The Lone Star State’s Jewel Changes with the Times

by Frank Giordano

March 2013

Today’s River Oaks Country Club golf course illustrates two of the main themes in the evolution of course design in America. Donald Ross’s original layout of 1923 was a classical example of his strategic style of design, while Joe Finger’s redesign of the late 1960s combined modern engineering with elements of the penal style to stiffen the challenge. Finger’s respectful redesign essentially followed Ross’s routing, allowing today’s players to enjoy a fully challenging modern course that preserves many features of its original pedigree.

River Oaks began in the early 1920s as a gleam in land developer Colonel Tom Ball’s eye. It quickly became a key part of visionary Will Hogg’s dream of a residential park. Hogg, the son of a Texas governor and a progressive advocate of urban planning, put up his own money to build an elite community in Houston, a subdivision that would convince the city’s leaders of the wisdom of planned development. Today, Hogg’s dream lives on, and the River Oaks Country Club is a prominent social, civic and “family” institution, as embedded in the legend of Houston as the Galleria, the Astrodome, and the Johnson Space Center.

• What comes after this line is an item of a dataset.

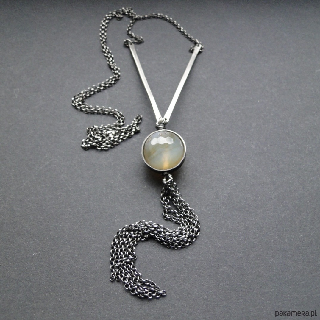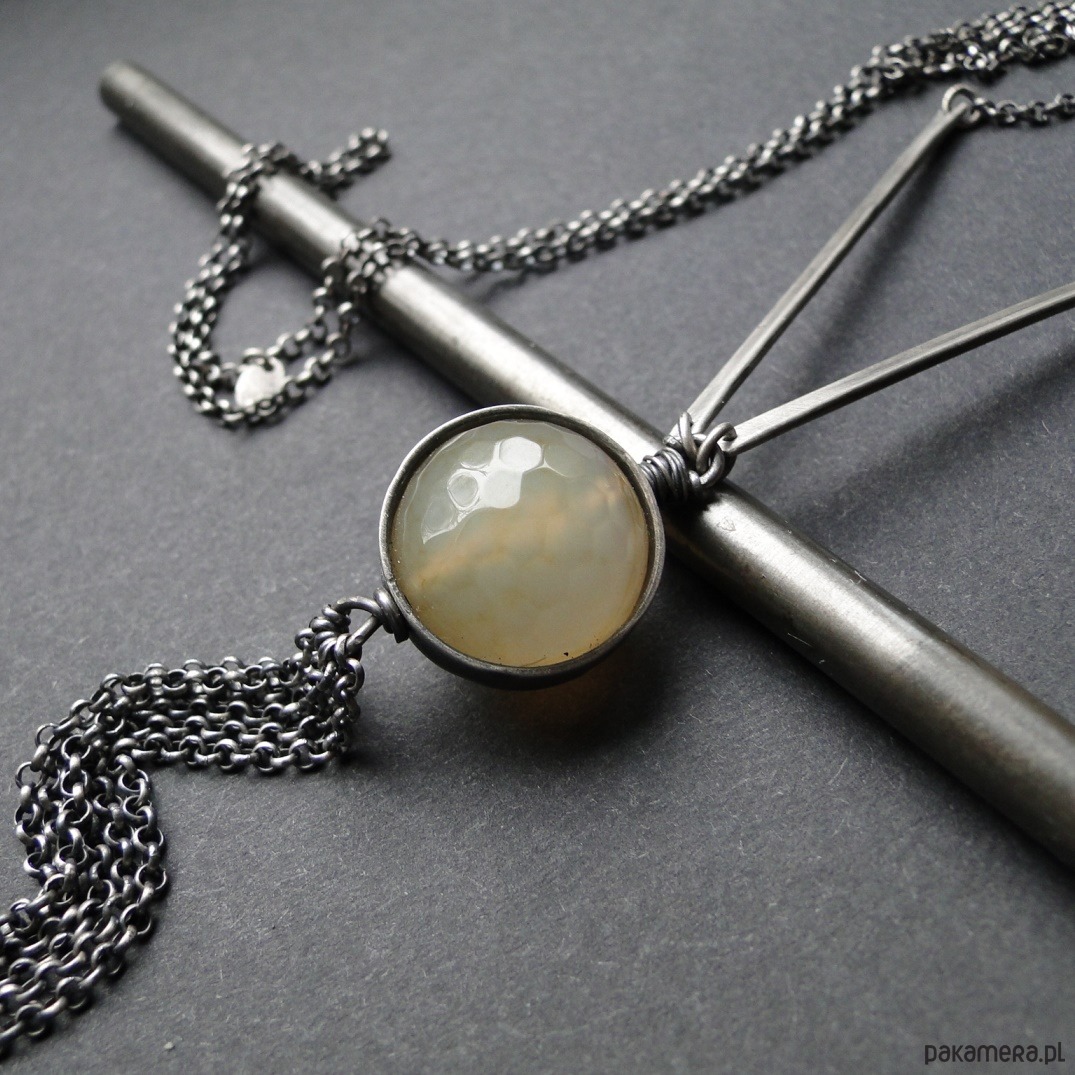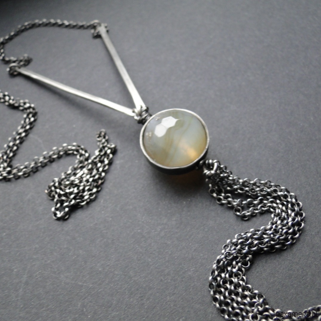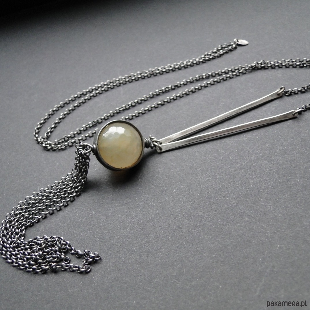 Surowy, prosty wisior w delikatnym, miodowym kolorze. Srebro pr. 930,oksydowane i szorowane. Naturalny agat śr. 18mm , fasetowany. Jego struktura przypomina plaster miodu. Agat oprawiłam w srebrną obręcz. Poniżej kamienia ozdobny chwost. Łańcuch ma 72 cm długości.

Both Ball and Hogg wanted to entice Houston’s wealthy oil men to the new development with the lovely Spanish clubhouse and fine golf course. Chartered on February 1, 1923, after Hogg bought out Ball’s interest, River Oaks became precisely the kind of magnet the developers had hoped for. In eight months, the club accomplished its original goal of enrolling 300 members. As the Hogg group developed the subdivision, they sold the country club to its membership in 1924.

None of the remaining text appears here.